Schwäbisches Tagblatt: Kolumne vom 12.02.2010

Autor: admin  |  Kategorie: Schwäbisches Tagblatt, Wahlkreis Tübingen

100 Tage Schwarz-Gelb

Die Bilanz dieser 100 Tage „bürgerliche Koalition“ ist rekordverdächtig: Keine Bundesregierung zuvor hatte einen derart desaströsen Start. Keine wurde so schnell von den eigenen Fehlern eingeholt. Der schlampig zusammengeschusterte Koalitionsvertrag mit 84 „Prüfaufträgen“ und vielen Formelkompromissen führt zum Dauerstreit. Das Kabinett musste schon nach vier Wochen umgebildet werden. Jugendlichkeit und Unerfahrenheit scheinen wesentliche Berufungskriterien zu sein. Mit dem Wachstumsbeschleunigungsgesetz hat die Koalition vor allem das Schuldenwachstum auf Rekordhöhe getrieben. Nach dem Motto „Ist der Schuldenberg erst groß genug, kommt es auf ein paar Milliarden mehr auch nicht mehr an“.
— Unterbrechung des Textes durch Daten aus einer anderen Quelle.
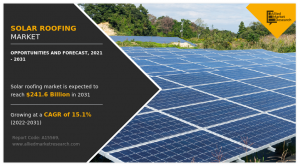 WILMINGTON, DELAWARE , UNITED STATES, December 7, 2023 /EINPresswire.com/ -- The solar roofing market size was valued at $59.4 billion in 2021, and is estimated to reach $241.6 billion by 2031, growing at a CAGR of 15.1% from 2022 to 2031. Solar roofing is a type of roofing that collects and stores solar energy using solar panels. This energy may then be utilized to power households and workplaces. Owing to its significant advantages, the solar roofing business is steadily expanding. Solar roofs provide a clean and sustainable source of energy while saving consumer power costs. Solar panels give an extra layer of insulation, allowing buildings to be cooler in the summer and warmer in the winter. Solar roofs have no negative environmental consequences, making them ecologically responsible options for both commercial and residential buildings.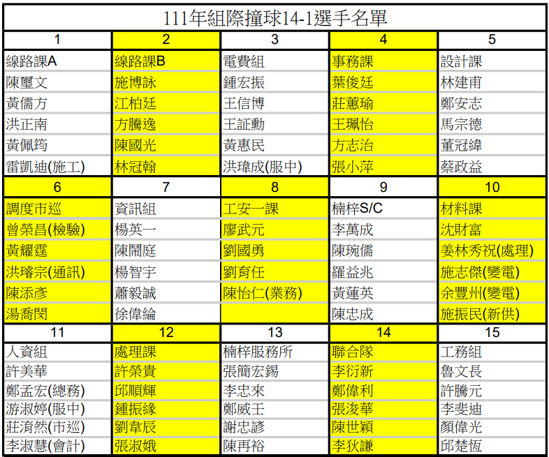 2022 年 6 月 13 日 | 尚無留言 111年組際撞球14-1選手名單 一、比賽時間:111年6月 19 日(星期日) 09:00~15:00 二、比賽地點:本處調度大樓五樓撞球場。 111年組際選手名單 註:每隊需至少參與一場比賽,方可領取參加獎 六、比賽規則: 1.採14-1,不指定球亦不指定袋(可開球前雙方協調採指定球指定袋),打進每球得一分,犯規扣一分母球自由球,先取得10分者勝。 2.採五戰三勝制。 3.抽籤決定賽程,預計6/15(星期三)12:00在福利會進行抽籤,未到場 隊伍由主辦方代抽。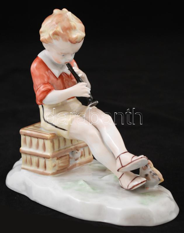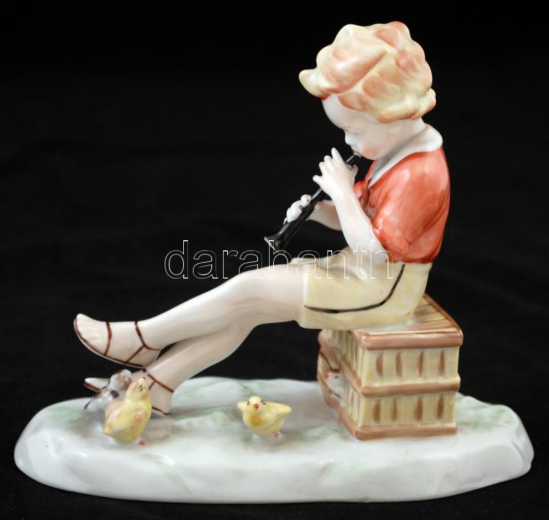 Beschreibung: Metzler és Ortloff Kiscsirkének furulyázó fiúcska, jelzett, hibátlan, h:16cm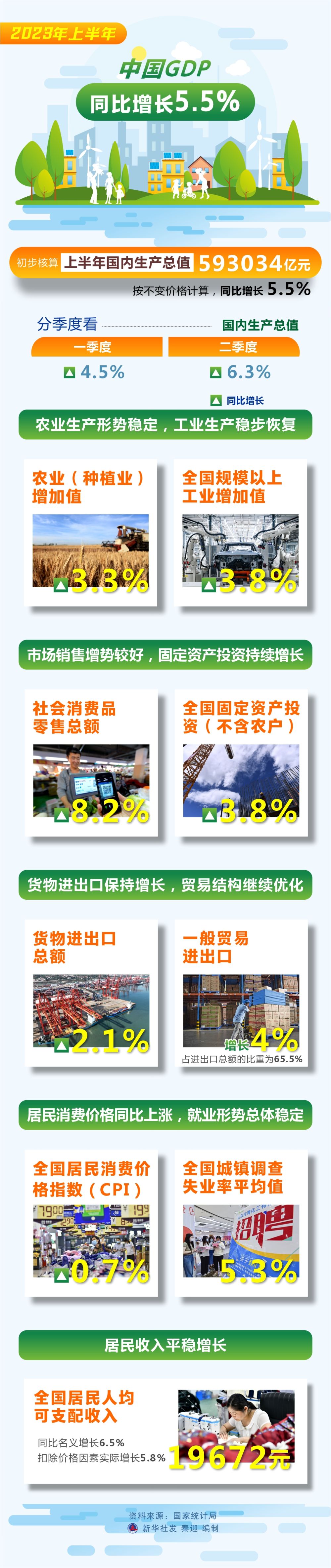 翻開(kāi)半年報,國內生產(chǎn)總值比去年同期增長(cháng)5.5%,社會(huì )消費品零售總額同比增長(cháng)8.2%,第三產(chǎn)業(yè)增加值同比增長(cháng)6.4%……多項指標顯示,我國經(jīng)濟運行延續恢復向好態(tài)勢,同時(shí)物價(jià)、出口等部分指標增速放緩也引發(fā)關(guān)注。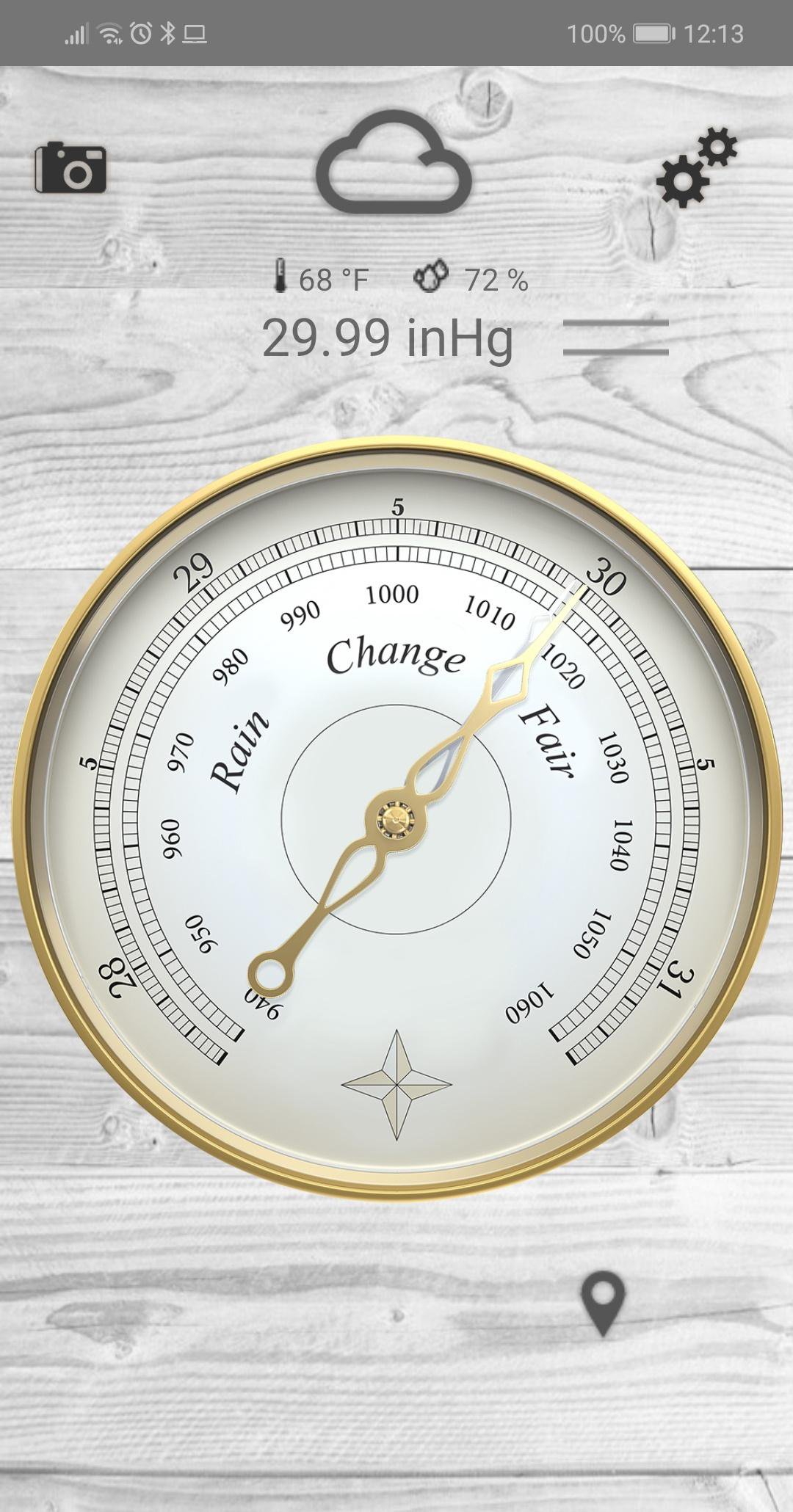 Профессиональный барометр. Вы можете просматривать в режиме реального времени ход атмосферного давления, а затем обеспечивая изменение времени погоды. абсолютная точность за счет параллельной работы различных датчиков, таких как датчик давления с устройством, датчиком GPS и дистанционного времени подключения к близлежащих метеостанций к вам.
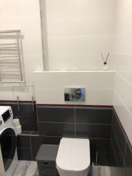 При получении квартиры с черновой отделкой был сделан ремонт с использованием современных дорогостоящих материалов - выровнены все поверхности: вручную отштукатурены и отшпаклёваны стены под 0, выведены углы под 90 градусов, произведена замены стеклопакетов фирма Rehau, сделан теплый пол на кухне, установлена дорогостоящая немецкая сантехника. Квартира очень теплая отключено отопление.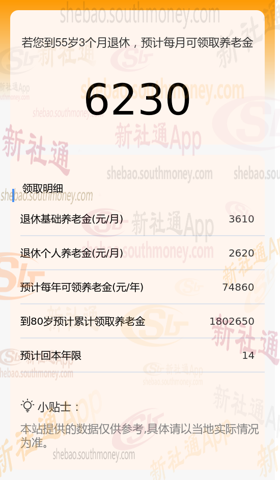 基于这些关键信息,我们使用新社通app养老金计算器对他未来的养老金进行了详细估算: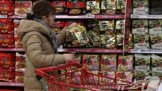 (서울=뉴스1) 구윤성 기자 = 12일 서울의 한 대형마트에서 인본인 관광객이 라면을 구입하고 있다. 농림축산식품부가 이날 발- 2026-01-12 14:33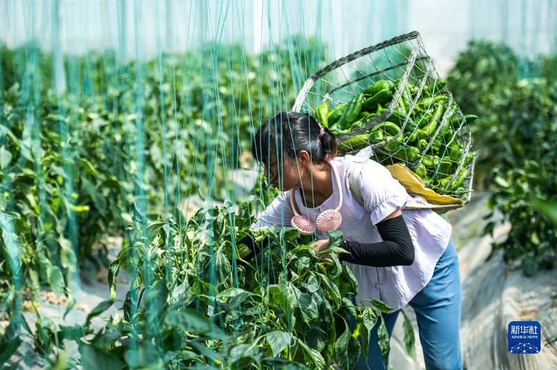 村民在贵阳农投集团奇申蔬菜基地采收牛角椒(7月29日摄)。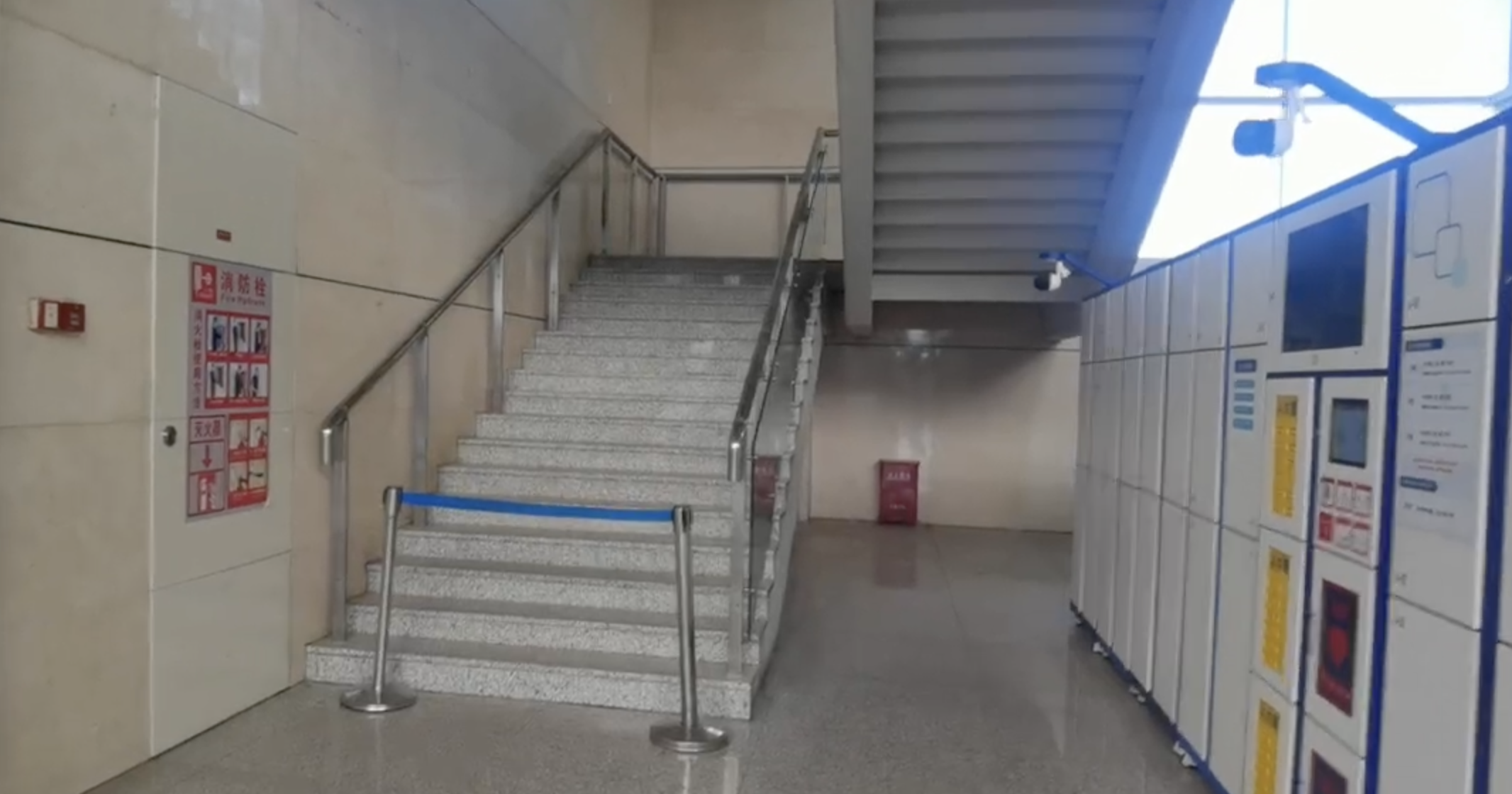 大河报·豫视频记者在候车厅转了一圈,发现只有一个标着“中国铁路消费扶贫柜”的柜子,仅有一瓶矿泉水,其余自动售货机全部显示“缺货”。而通往中间夹层的商业,也是全部关门状态,通往商业夹层的步梯被拉带阻隔,禁止乘客上下步梯。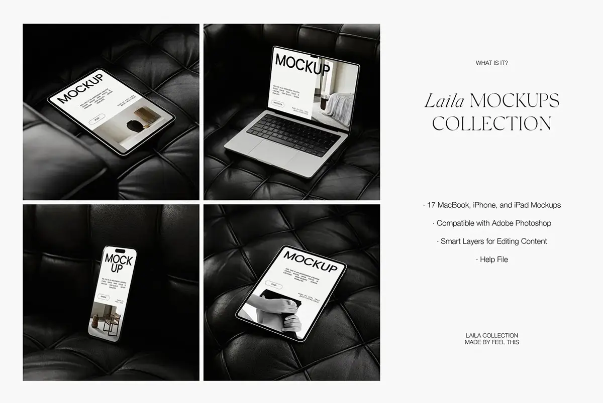 17款工业风iPhone手机iPad平板Macbook笔记本电脑单页ps样机素材 Laila Mockups Graphics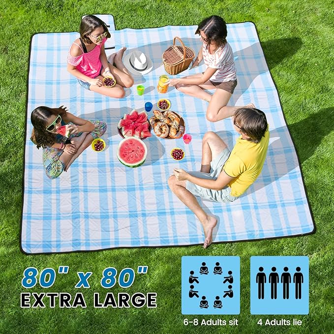 - 【80” x 80” Extra Large】The waterproof picnic blanket is an extra large outdoor blanket that measures 80" * 80" when unfolded. The picnic blankets waterproof foldable can allow 6-8 persons to sit on, or 4 persons to lie on. With its extra large size, the picnic mat is ideal for both family use and picnicking with several friends.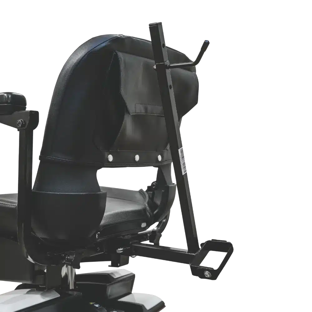 The forearm crutch holder for Pride Mobility scooters easily attaches to the back of many of our electric mobility scooters’ seats. Assembly is simple and includes mounting brackets, assembly screws and an adjustable nut.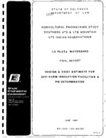 The purpose of this task report is to present the methodology for determining practicably irrigable acreage (PIA) for the La Plata Watershed. The test for PIA requires that the revenues exceed the cost. The land under consideration when cropped and irrigated must return sufficient net positive income to pay for the costs of providing irrigation water to the farm headgate In order to determine PIA it is necessary to conceptually design an irrigation transmission system to deliver water to the farm headgate for each arable parcel. The annualized cost of the off farm irrigation water transmission system is compared to the net positive income payment capacity of the parcel., Report research sponsored by the State of Colorado Department of Law., "June 1987.", Online resource lacks sheets of maps., Online resource; title from PDF cover (viewed September 2017), BK-C22-100-04/05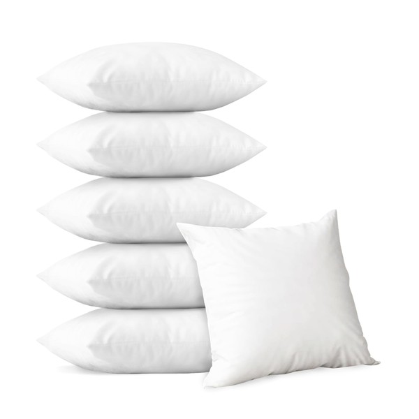Elegant Comfort Set of 6 Poly-Cotton Shell Siliconized Fiber Filling Throw Inserts Sofa Bed and Couch Indoor Decorative Pillows, 20x20 Inch - 6 Pack, White 6 Count

Steuererleichterungen fürs eigene Klientel wurden trotzdem durchgedrückt zum Schaden der Mehrheit der BürgerInnen und der Kommunen. Deren Verschuldung wächst, die Gebühren steigen. Für die Allermeisten wird  so aus „mehr netto vom brutto“ netto ziemlich weniger. Die „notleidenden Banken“ freuen sich übers Staatskreditgeschäft und Besserverdienende über gute Zinsen für sichere Staatsanleihen. In vorauseilender Dankbarkeit spendierte Baron von Finck der Mövenpickpartei eine Million, die sich mit einer Milliarde Steuerersparnis für das Hotelleriegewerbe bedankte. Eine lohnende Investition. Während die FDP in erstaunlicher Dreistigkeit Klientelinteressen verfolgt, steht die Union oft gespalten bis hilflos daneben. Der wirtschaftsliberale Flügel lebt auf, der christlich-bayerische Flügel schreit auf.

In der Gesundheitspolitik treibt die FDP zusammen mit dem Kopfpauschale-Flügel der Union den Wechsel zur ungerechten Finanzierung voran. 8 bis 37 Euro im Monat ist die Einstiegsprämie in den Systemwechsel. Die Kosten werden einseitig auf die ArbeitnehmerInnen abgewälzt. Pharmaindustrie und Apotheker werden geschont. Die Zwei-Klassen-Medizin wird vorangetrieben.

Atomkraftwerke sollen so lange laufen dürfen, bis genügend Erneuerbare Energien verfügbar sind. Dabei verhindern sie als abgeschriebene und hoch subventionierte Altanlagen schon heute das Wachstum der Erneuerbaren. Geschützt werden letztlich die Monopolinteressen der vier Energieriesen zum Schaden von Stadtwerken und alternativen Anbietern. Gleichzeitig plant die Koalition die Einspeisevergütung für Solarstrom drastisch zu kürzen.

Nach 100 Tagen ist klar: Die vermeintlichen „Wunschpartner“ haben keine gemeinsame und keine überzeugende Vision für die Zukunft Deutschlands. Ein bürgerliches Trauerspiel.